Incrementally brute-forcing with lengths of 1, 17, 33, 49, 65, 81, 97
and 113 - we will eventually expose all the array constants. However;
it is obvious that the more the hash function processes; the more likely
it will load 32-bit constant values, hence increasing the candidates to
use within the brute-force technique. We need a smart way of calculating
what the min and max values are within the list of
candidates. Good knew is; we can use logic.
The pogohash application logs the 32-bit register loads as they
happen, in sequence, so theoretically; we should be able to see where
there is a significant change such operations and be able to find out where
it approximately happens.
len = 0 len = 1
0x2000 xxxxxxx xxxxxxx
xxxxxxx xxxxxxx
... ...
xxxxxxx xxxxxxx
0x01b17820 xxxxxxx xxxxxxx
----+
yyyyyyy |
yyyyyyy |
... +-- new 32-bit candidates
yyyyyyy |
yyyyyyy |
----+
0x01b17758 xxxxxxx xxxxxxx
xxxxxxx xxxxxxx
... ...
ROUND_MAGIC ROUND_MAGIC
... etc ...
xxxxxxx xxxxxxx
xxxxxxx xxxxxxx
Isolating the address and opcode references in the log file; there
was a clear indication that instruction were inserted after the first
block; then, changes afterwards were relatively the same. Looking up
the exact offsets, then searching for the first 32-bit load - the
one that we come across first is 0xe3f0d449; part of the
ROUND_MAGIC constant we found earlier.
The best part; is that we can also find the last 32-bit load prior
to the address where things changed. From this; it is possible to say
with certainty what the min and max values should be
to help with the brute-force approach. Keeping the buffer +1 byte
also makes the array references occur once - important for processing.

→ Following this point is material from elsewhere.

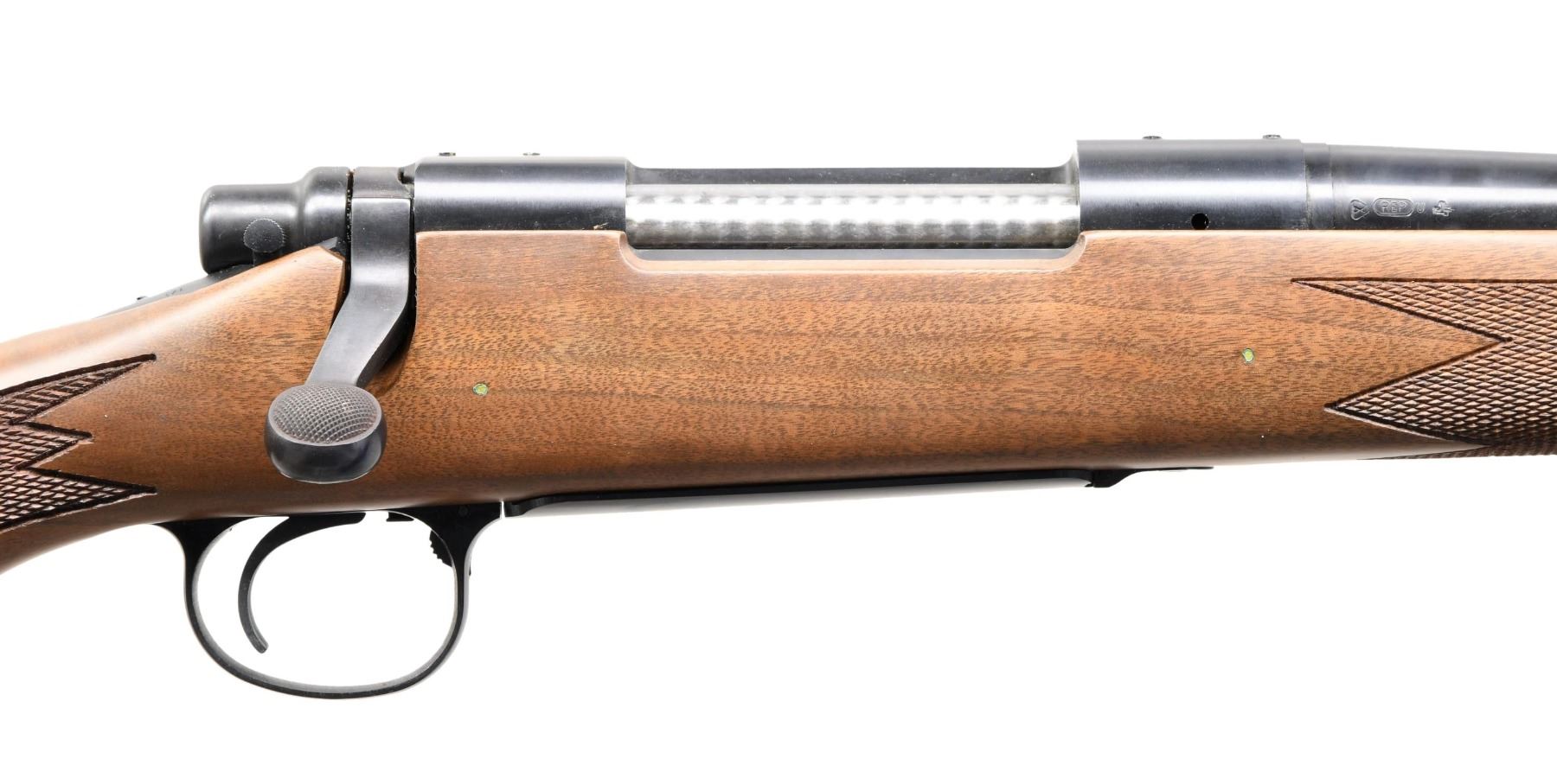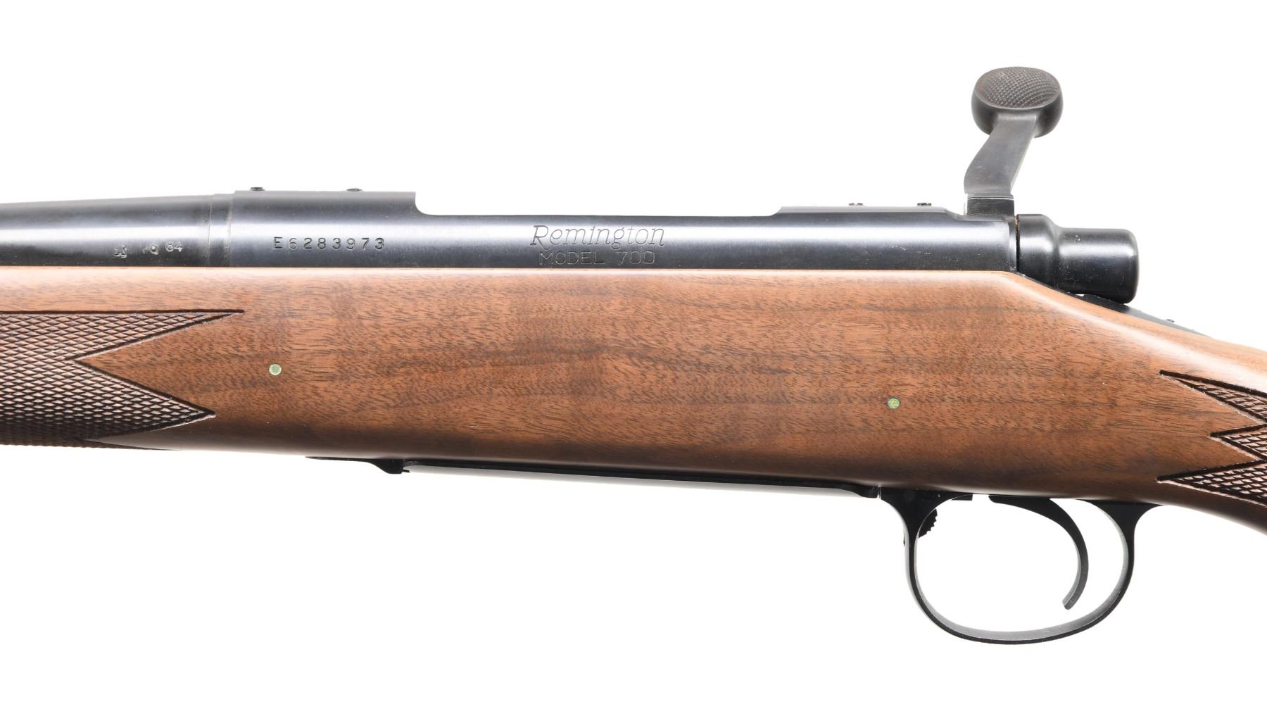 EDITION BOLT ACTION RIFLE WITH MATCHING FACTORY BOX. Cal. 375 H&H Mag. S# E6283973. Bbl. 24". Model 700 Classic Limited Edition bolt action rifle mfg. by Remington in 1996. Left side of the bbl. is marked with Remington's mfg. information and the cal. designation. Left side of the receiver is marked with the S#, followed by the Remington trademark logo above "MODEL 700". Metal components exhibit a blue finish overall, save for on the aluminum trigger guard and floorplate, which exhibit a black enamel type finish. Bolt body is jeweled. 1-piece checkered wood pistol grip buttstock, with Remington brown rubber recoil pad. Ramped blade front sight, with U-notch rear sight. Tip of front sight appears to have been nicked at one time on the rear face. Receiver is factory drilled and tapped. Bolt is matching to the receiver via "3973" on the body. UNATTACHED ACCESSORIES: matching factory box, containing factory paperwork. CONDITION: near new, with metal components retaining virtually all of their original factory finishes overall, save for the aforementioned nick on the rear of the front sight. Mirror bore, exhibiting grease, while retaining well defined rifling throughout. Stock is excellent overall. Box shows some light wear from handling and storage, but otherwise remains sturdy and serviceable. (24-4312/MLW). MODERN. $1,000-1,500.

The same concept can be applied for subsequent iterations.
Off we go - brute-force two of the magic_number array values
individually until we find them all.
:: 92 96 101 99
{ 0x00 } len=1
0xe5a383b5ca79b52c real 0m0.289s
magic_table[ 0] = 0x2dd7caaefcf073eb user 0m0.288s
magic_table[ 1] = 0xa9209937349cfe9c sys 0m0.000s
done
:: 296 301 297 303
{ 0x00 } len =17
0x2c54198fd7acc0b real 0m0.204s
magic_table[ 2] = 0xb84bfc934b0e60ef user 0m0.200s
magic_table[ 3] = 0xff709c157b26e477 sys 0m0.000s
done
:: 499 501 502 504
{ 0x00 } len =33
0x90a7c8293ee52134 real 0m0.168s
magic_table[ 4] = 0x3936fd8735455112 user 0m0.164s
magic_table[ 5] = 0xca141bf22338d331 sys 0m0.000s
done
:: 693 691 700 701
{ 0x00 } len =49
0x13b49c42ce2d1d5 real 0m0.157s
magic_table[ 6] = 0xdd40e749cb64fd02 user 0m0.156s
magic_table[ 7] = 0x5e268f564b0deb26 sys 0m0.000s
done
:: 894 896 893 897
{ 0x00 } len =65
0x7e7f42d61cadc298 real 0m0.376s
magic_table[ 8] = 0x658239596bdea9ec user 0m0.376s
magic_table[ 9] = 0x31cedf33ac38c624 sys 0m0.000s
done
:: 1107 1105 1112 1114
{ 0x00 } len =81
0xf7e950a61977d92 real 0m1.937s
magic_table[10] = 0x12f56816481b0cfd user 0m1.936s
magic_table[11] = 0x94e9de155f40f095 sys 0m0.000s
done
:: 1300 1299 1312 1308
{ 0x00 } len =97
0x954aea356505366 real 0m0.781s
magic_table[12] = 0x5089c907844c6325 user 0m0.780s
magic_table[13] = 0xdf887e97d73c50e3 sys 0m0.000s
done
:: 1503 1502 1508 1510
{ 0x00 } len =113
0xaa40ecf2bedd215e real 0m1.210s
magic_table[14] = 0xae8870787ce3c11d user 0m1.208s
magic_table[15] = 0xa6767d18c58d2117 sys 0m0.000s
done
And there we have it - all the magic numbers have now been isolated!
The fact that we were able to isolate the brute-force search down to
two of the constants in the magic_number array definitely made
things a lot easier. In comparison; just seeing the difference in CPU
processing time required between finding two and four numbers is
staggering - we are talking seconds versus hours. In essence; the
hardest part was finding the first magic numbers.
If you have understood some of the concepts I have explained here
but are curious to see the effort involved to let the computer do
all the work for you - I have kept a nice log of everything, which you
can download at your pleasure below. I hope it helps you understand
what is involved a lot better.
MESSAGE TO NIANTIC
I hope that someone in the company has come across these blog posts
and have poked around the subreddit channels to see the views not only
of the developers working to capitalize on your game, but also the
effect your ineffective DRM has places on your innocent, paying users.